Rentner sollen Zivildienst leisten

Zivildienst wird um einen Monat verkürzt. Statt sozialem Pflichtjahr empfiehlt Kommission nur Freiwilligendienste. Bessere Chancen auf Studienplätze als Anreiz

BERLIN taz ■ Falls der Zivildienst abgeschafft wird, sollen auch Rentner die Zivildienstleistenden ersetzen. Eine Regierungskommission rät dazu, bei den neuen Freiwilligendiensten „der Zielgruppe der älteren Menschen besondere Beachtung zu schenken“. Das geht aus einem Bericht hervor, den die Kommission „Impulse für die Zivilgesellschaft“ gestern in Berlin an Familienministerin Renate Schmidt (SPD) übergeben hat.

Schon im Oktober könnte der Zivildienst von zehn auf neun Monate verkürzt werden. Falls die Wehrpflicht ganz abgeschafft werden sollte, sollen Freiwillige an die Stelle der Zivis treten. Familienministerin Schmidt hält dies frühestens 2010 für möglich.

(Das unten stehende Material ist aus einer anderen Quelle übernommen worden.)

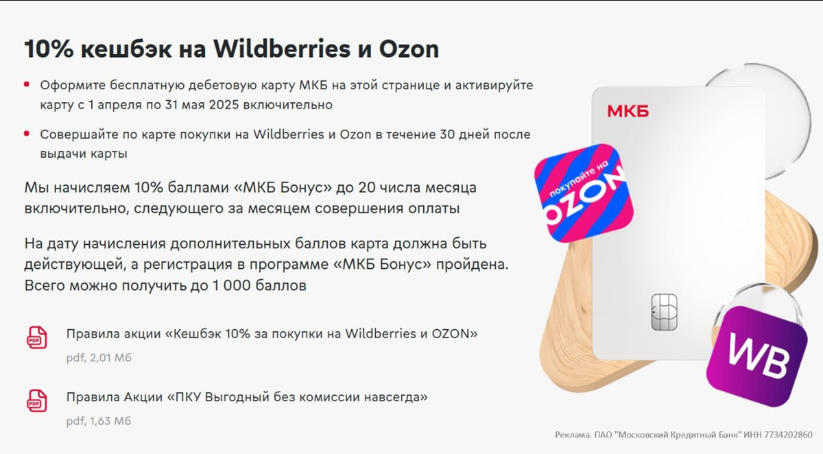 10% на Ozon и WB по дебетовой карте МКБ (до 31.05.25)

In der Alten- und Behindertenpflege könnte es dann zu enormen Engpässen kommen – immerhin arbeiten derzeit fast 93.000 junge Männer als Zivis in sozialen Einrichtungen.

Um einen Notstand zu vermeiden, will die Kommission freiwillige soziale Arbeit attraktiver machen. So sollen junge Freiwillige bevorzugt Studien- und Ausbildungsplätze bekommen. Auch bei Einstellungen und Beförderungen im öffentlichen Dienst und in der Privatwirtschaft soll sich freiwilliges Engagement künftig auszahlen. Ein soziales Pflichtjahr lehnt die Kommission aber ab. Es verstoße gegen Verfassung und Völkerrecht. Die freiwillige Tätigkeit soll mindestens drei Monate und höchstens zwei Jahre dauern.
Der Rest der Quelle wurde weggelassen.